DATA FOR PROCESSING ▸

§ §

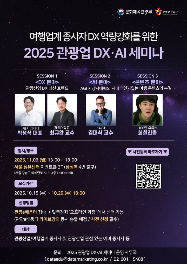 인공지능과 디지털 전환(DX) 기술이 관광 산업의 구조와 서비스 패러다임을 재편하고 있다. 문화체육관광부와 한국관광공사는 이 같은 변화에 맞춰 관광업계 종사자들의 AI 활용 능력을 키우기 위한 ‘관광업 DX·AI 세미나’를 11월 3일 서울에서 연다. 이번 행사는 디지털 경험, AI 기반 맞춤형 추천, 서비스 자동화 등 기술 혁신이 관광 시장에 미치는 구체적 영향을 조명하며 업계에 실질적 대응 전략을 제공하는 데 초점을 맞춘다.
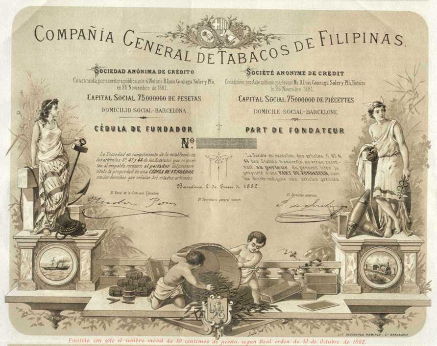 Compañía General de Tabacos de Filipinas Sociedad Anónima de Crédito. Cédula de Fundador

§ §

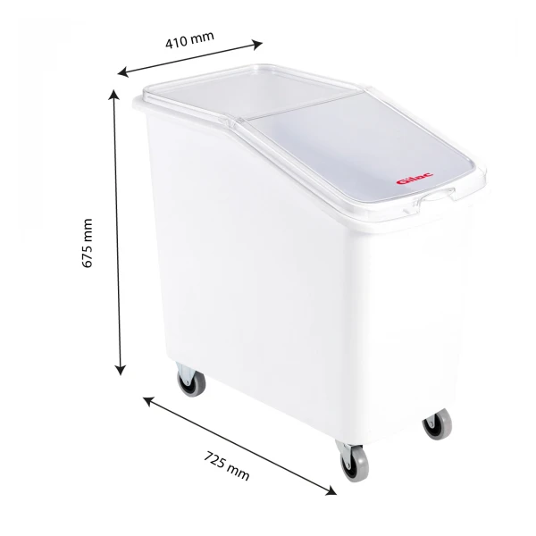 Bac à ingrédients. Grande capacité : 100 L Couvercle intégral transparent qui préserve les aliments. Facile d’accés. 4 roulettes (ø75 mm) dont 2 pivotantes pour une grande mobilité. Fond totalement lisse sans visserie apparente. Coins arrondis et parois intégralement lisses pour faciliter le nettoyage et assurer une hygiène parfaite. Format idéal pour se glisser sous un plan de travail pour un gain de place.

§ §

TASK PROMPT ▸ In the listing above, find the line with "인공지능과 디지털 전환(DX)" and the line with "Compañía General de". Set down exactly those lines and everything between them, skipping pictures.

ANSWER BOX ▸
 인공지능과 디지털 전환(DX) 기술이 관광 산업의 구조와 서비스 패러다임을 재편하고 있다. 문화체육관광부와 한국관광공사는 이 같은 변화에 맞춰 관광업계 종사자들의 AI 활용 능력을 키우기 위한 ‘관광업 DX·AI 세미나’를 11월 3일 서울에서 연다. 이번 행사는 디지털 경험, AI 기반 맞춤형 추천, 서비스 자동화 등 기술 혁신이 관광 시장에 미치는 구체적 영향을 조명하며 업계에 실질적 대응 전략을 제공하는 데 초점을 맞춘다.
 Compañía General de Tabacos de Filipinas Sociedad Anónima de Crédito. Cédula de Fundador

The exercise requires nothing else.